In Bishkek, several gay bars have opened since 1998, when Kyrgyzstan decriminalized sexual relations between men. But the majority of gay men recently surveyed in the capital said they have been physically or psychologically abused because of their sexual orientation. Many pointed to continuing discrimination in public places, such as bars and restaurants, from where they are often asked to leave.

Aleksei Vashchenko, a gay man living in Bishkek, told RFE/RL that policemen often try to extort homosexuals. "There were cases when law-enforcement bodies have blackmailed representatives of sexual minorities, saying that they will tell [their staff members] at work, or their parents and relatives that that person is a homosexual," he said. "However, they would not have the opportunity to bring them before a criminal court, as it was before 1998."

Bishkek-based Oasis is a Kyrgyz nongovernmental organization working to protect the rights of gay men. The organization's head, Vladimir Tyupin, said Oasis is working with an increasing number of gays. But he noted that the majority of the estimated 35,000 homosexuals in Bishkek choose to keep their sexual orientation secret out of fear of public censure or isolation by friends and family.

"We established an initiative group in 1995. It consisted of merely 37 people. Now it already has about 7,000 people," Tyupin said.

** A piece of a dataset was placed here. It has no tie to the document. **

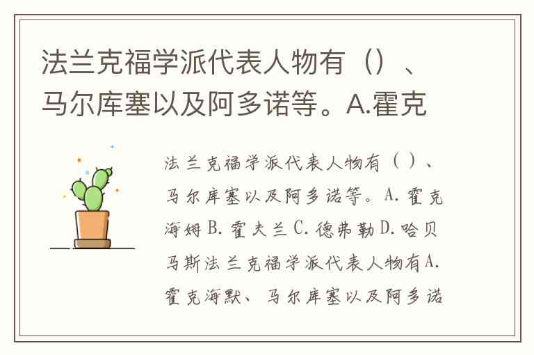 其他选项中,霍夫兰是美国传播学者,德弗勒提出了传播效果理论,均与法兰克福学派无关。这一选择既符合历史事实——霍克海默与阿多诺、马尔库塞共同构建了学派的批判理论框架,也反映了学术史上对“代表人物”的经典界定标准。
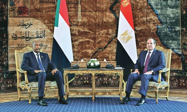 بحث الرئيس المصري عبدالفتاح السيسي، أمس، مع الفريق أول ركن عبدالفتاح البرهان رئيس مجلس السيادة الانتقالي بالسودان، في القاهرة، تطورات الأوضاع في السودان، والجهود الدولية والإقليمية الرامية لوقف الحرب وتحقيق الاستقرار، إلى جانب مستجدات ملف مياه النيل. وأفادت الرئاسة المصرية، في بيان، بأن السيسي أكد، خلال اللقاء، دعم بلاده الكامل لوحدة السودان وسيادته وسلامة أراضيه، ورفضها القاطع لأي محاولات من شأنها تهديد أمنه أو النيل من تماسكه الوطني أو تشكيل أي كيانات حكم موازية للحكومة السودانية. كما جرى التأكيد على أهمية الآلية الرباعية كمظلة للسعي لتسوية الأزمة السودانية ووقف الحرب وتحقيق الاستقرار، حيث أعرب الرئيسان عن التطلع لأن يسفر اجتماع الآلية الرباعية الذي سيعقد في واشنطن خلال أكتوبر الجاري عن نتائج ملموسة لوقف الحرب وتسوية الأزمة.

Lesbian relationships in the Soviet Union were not policed as strictly as men. Lesbians were often sent to psychiatric institutions. In Central Asia today, as in the past, laws do not refer specifically to lesbians, but they say their lives are similarly difficult.

Earlier this month, lesbians in Kyrgyzstan launched a support group called Labrys. It is planning to publish a monthly magazine and open a telephone hot line and resource center to provide lesbians with psychological and legal support.

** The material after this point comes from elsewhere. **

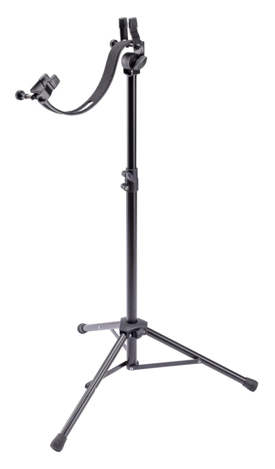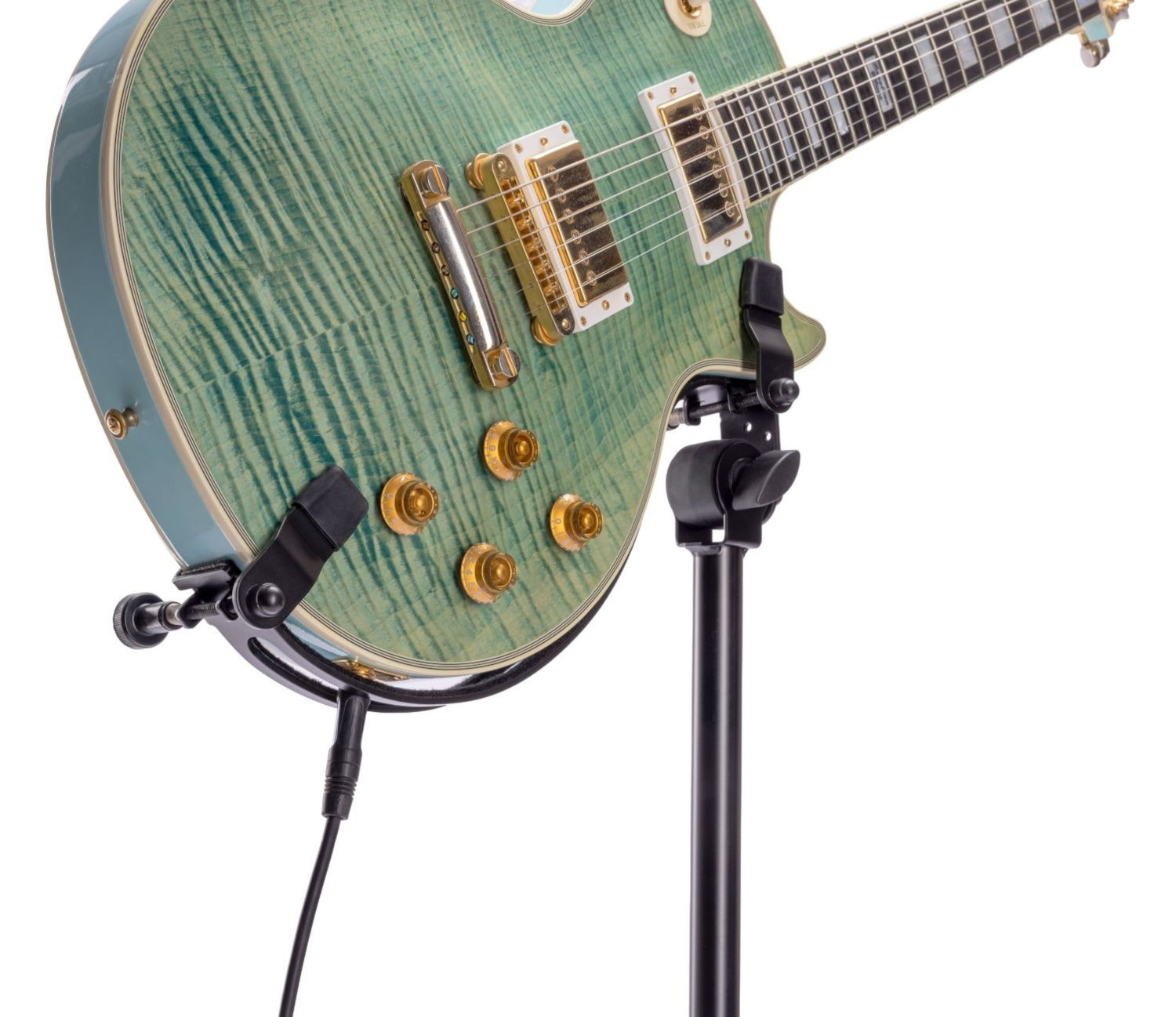 Stativet har en slitsad stödplatta som gör det möjligt att leda kablar för instrument med sidomonterad jackkontakt, såsom Gibson Les Paul och andra liknande modeller. De justerbara klämmorna passar gitarrkroppsbreddar mellan 39 och 60 mm. Konstruktionen i stål med rörben och tvärstag ger stabilitet, och det tvådelade fällbara stativet gör transport och förvaring enkel.
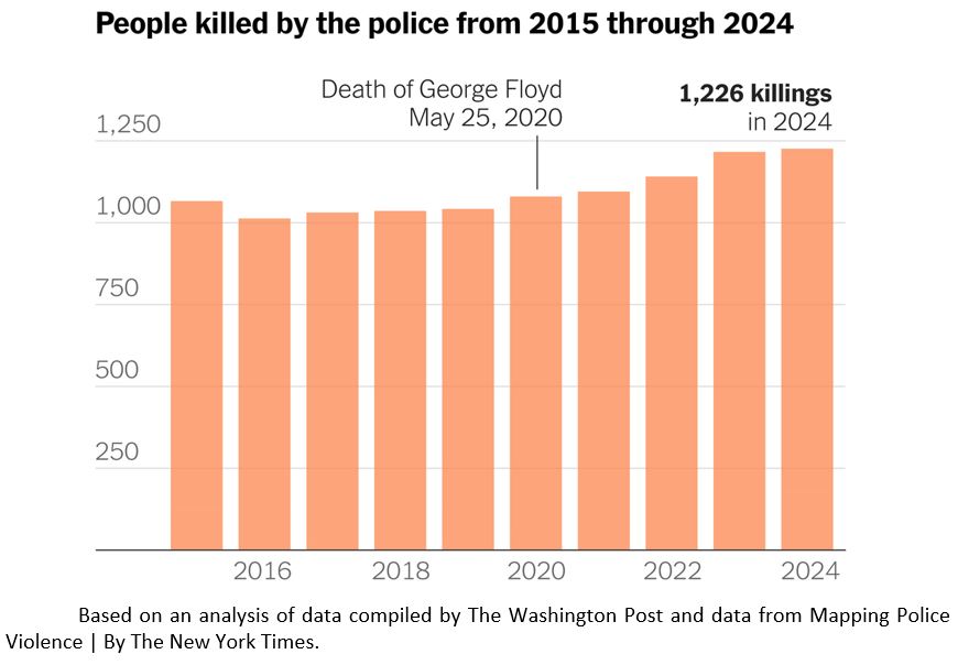 As mortes por policiais giravam em torno de 1.000 em 2019 e chegaram a 2024 com o número crescente de 1226; ou seja, mais de 20% de aumento em cinco anos, segundo o mapa de violência policial compilado pelo Washington Post e divulgado pelo Jornal New York Times[3].

For the most part, the region's religious leaders, such as Kyrgyzstan's Mufti Murataly Ajy Jumanov, have shown little tolerance toward sexual minorities. "According to the Koran and Shari'a [Islamic law], men should marry women and nobody else. Women have to give their bodies and spirits to men. Islamic law absolutely refuses such [homosexual] connection between men and women. It is illegal and inhuman," Jumanov said.

Igor Dronov, a senior priest of the Russian Orthodox Church in Bishkek, told the United Nations' IRIN news service that tolerance "washes out the essence of absolute moral values."

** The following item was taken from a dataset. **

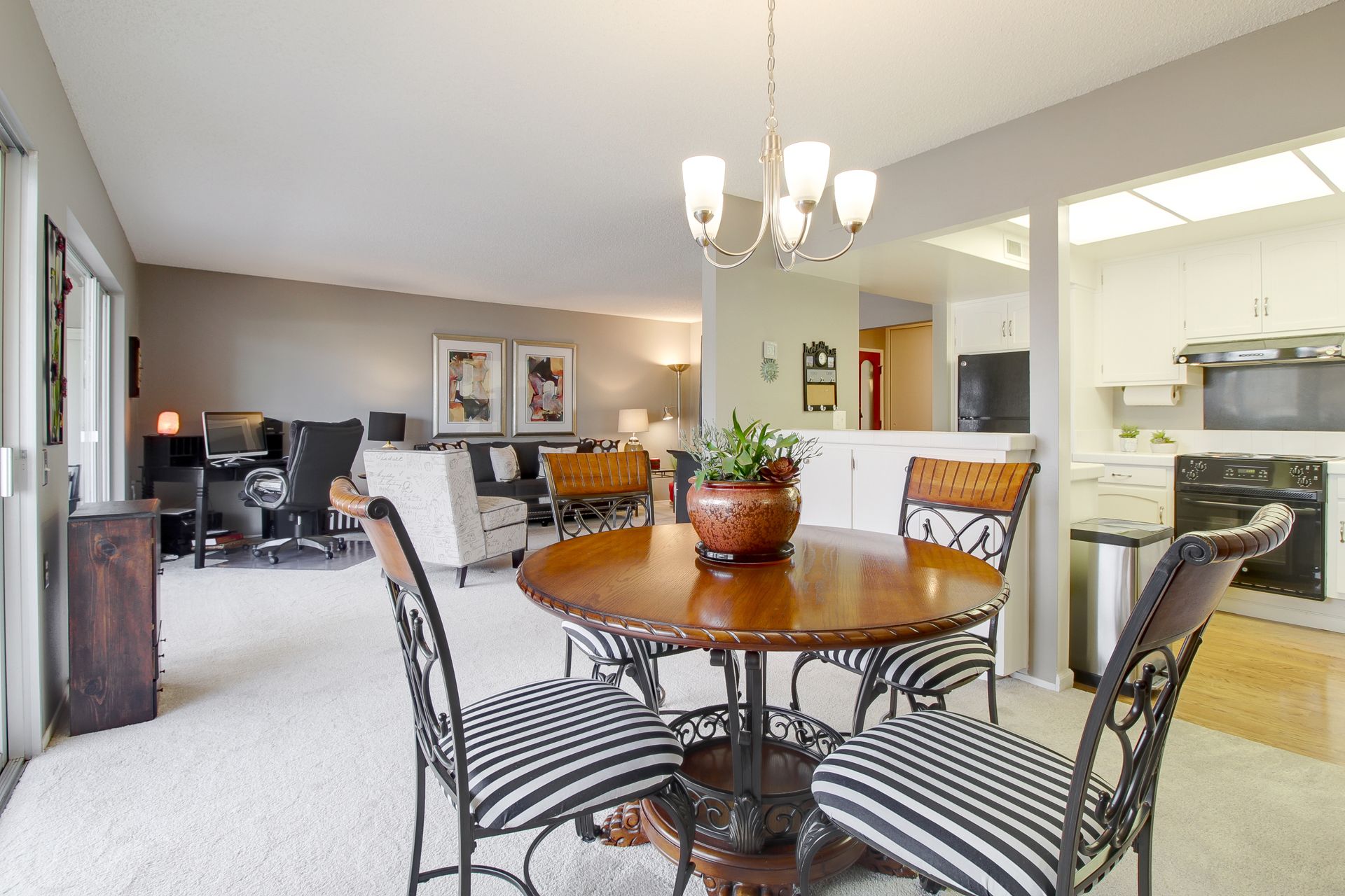 This beautiful Sonoma model two bedroom, one bath condo is ready for you to move in! The expansive veranda is a lovely space for relaxing with a cup of tea and your favorite book. This cute condo features a wonderful, spacious living room, a dining room, a galley-style kitchen and an open floor plan with expansive windows overlooking the open veranda. The veranda features retractable shades and extra storage. The kitchen has painted white cabinetry, crisp white tile, and newer black appliances. The bathroom is spacious with tub/shower, nice tile flooring, white cabinets and a linen closet. Other features of this home are new laminate flooring in the entry, the hallway and the kitchen, plantation shutters in the bedrooms, newer designer paint and carpet. This home is conveniently located close to the shared laundry room, the carport space with storage, and walking trails. The home has a great location at the top of Running Springs at end of a cul-de-sac and offers ample guest parking and views. Enjoy all this home has to offer, plus all the amenities of Rossmoor, the premier active 55 plus community.

However, Roman Knyazev, from the Kazakh gay website, stresses that sexual minorities are no different from anyone else. "We are not different from straight people," he said. "We have household problems like them, the same concerns about the present and the future."

While Kazakhstan and Kyrgyzstan have decriminalized homosexuality, the countries' legal systems have not taken firm steps to secure the rights of gays and lesbians.

Donald Bisson, who works for the International Lesbian and Gay Association in Brussels, explains why: "In all countries, the movement begins by individuals deciding that it's time to do something. That means starting an NGO and then interacting with the government on issues of regulations, laws or discrimination. In Central Asia, it will be more difficult because the governments have not bought into the idea that gay rights are human rights. They always say this is being forced upon them by the West. They use that argument not to move forward in a positive way."

Despite the difficulties faced by sexual minorities in Kyrgyzstan and Kazakhstan, gays and lesbians there enjoy relative tolerance when compared to neighboring states. The majority of gays in Tajikistan keep their sexual orientation hidden, although homosexual acts were decriminalized there in 1998.

In 2003, a public-opinion survey revealed a particularly negative attitude toward gays. According to a local NGO that advocates gay rights, Tajik police routinely harass gays once they have revealed their sexual preferences.

In Turkmenistan and Uzbekistan, sex between men is still punishable by up to two and three years in prison, respectively.

(RFE/RL's Kazakh, Kyrgyz, and Tajik services contributed to this report.)